_DATA FOR THIS EXERCISE_
***

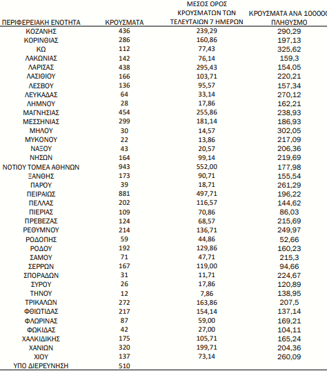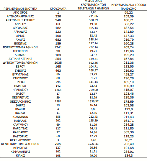 Αναλυτικότερα τα κρούσματα στις περιφερειακές ενότητες που ανήκουν στην Αττική:
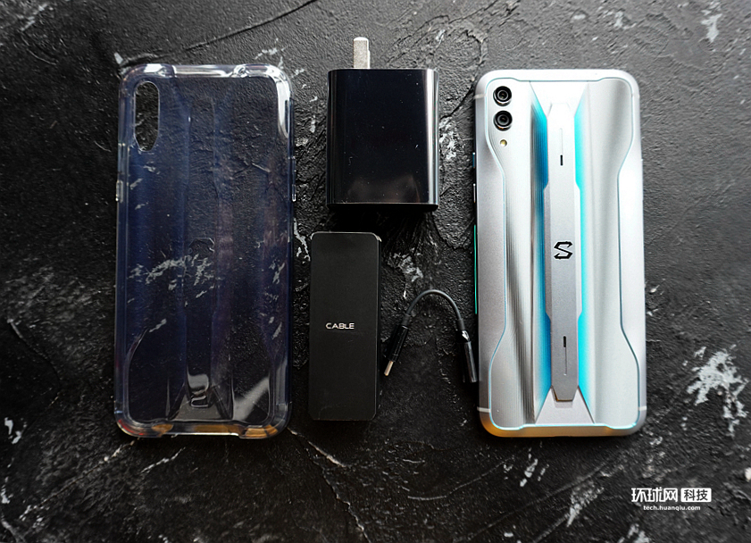 打开包装,黑鲨游戏手机2 Pro的包装内容为:手机主机*1、电源适配器*1、USB Type-C To Audio转接线*1、插针*1、保护壳*1以及入门指南与三包凭证。
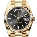 The Rolex Day-Date 40 Bright Black Dial Index 18K Yellow Gold President Men's Watch sets the standard for sophistication and remains an emblem of status, reflecting the wearer's appreciation for the finest in watchmaking craftsmanship and enduring style.
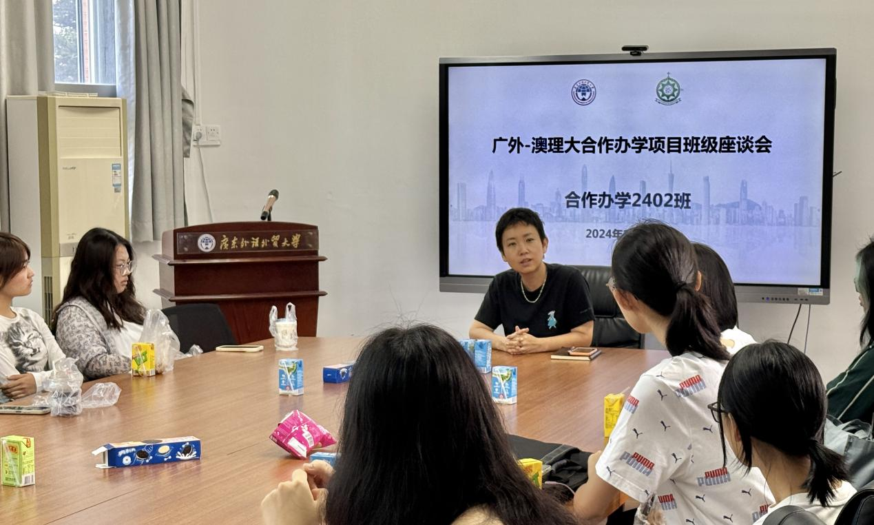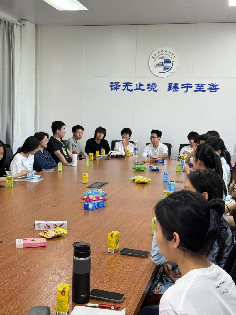 为深入了解翻译(合办)班新一届同学对于项目的适应程度、所遇到的困难及对于项目未来发展的建议,公司于2024年10月15日-17日,分别与合作办学项目4个班的展开了班级座谈会。公司党委书记李和民、副经理王巍巍、辅导员卢玥颖、合办项目主管陈芊荟和合办项目教务员李想出席本次座谈会。
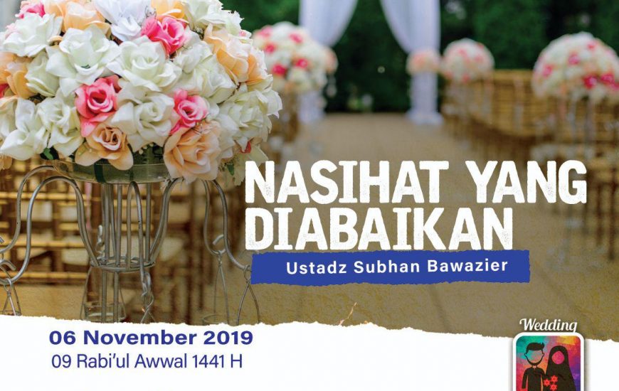 Assalaamu’alaikum warahmatullaahi wabarakaatuh THE RABBAANIANS presents NASIHAT YANG DIABAIKAN Wedding Series Insya Allah, Rabu 06 November 2019, di Masjid Agung Al-Azhar bersama Ustadz Subhan Bawazier Hafidzahullahu Ta’ala, setelah shalat Isya berjamaah sampai selesai (Isya jam 19.01 WIB). Diselenggarakan oleh KI...

***

When you come to the line containing "打开包装,黑鲨游戏手机2 Pro的包装内容为:手机主机*1、电源适配器*1、USB Type-C" in the records above, repeat that line and all lines after it exactly, but not the pictures.

_YOUR SOLUTION_
 打开包装,黑鲨游戏手机2 Pro的包装内容为:手机主机*1、电源适配器*1、USB Type-C To Audio转接线*1、插针*1、保护壳*1以及入门指南与三包凭证。
 The Rolex Day-Date 40 Bright Black Dial Index 18K Yellow Gold President Men's Watch sets the standard for sophistication and remains an emblem of status, reflecting the wearer's appreciation for the finest in watchmaking craftsmanship and enduring style.
 为深入了解翻译(合办)班新一届同学对于项目的适应程度、所遇到的困难及对于项目未来发展的建议,公司于2024年10月15日-17日,分别与合作办学项目4个班的展开了班级座谈会。公司党委书记李和民、副经理王巍巍、辅导员卢玥颖、合办项目主管陈芊荟和合办项目教务员李想出席本次座谈会。
 Assalaamu’alaikum warahmatullaahi wabarakaatuh THE RABBAANIANS presents NASIHAT YANG DIABAIKAN Wedding Series Insya Allah, Rabu 06 November 2019, di Masjid Agung Al-Azhar bersama Ustadz Subhan Bawazier Hafidzahullahu Ta’ala, setelah shalat Isya berjamaah sampai selesai (Isya jam 19.01 WIB). Diselenggarakan oleh KI...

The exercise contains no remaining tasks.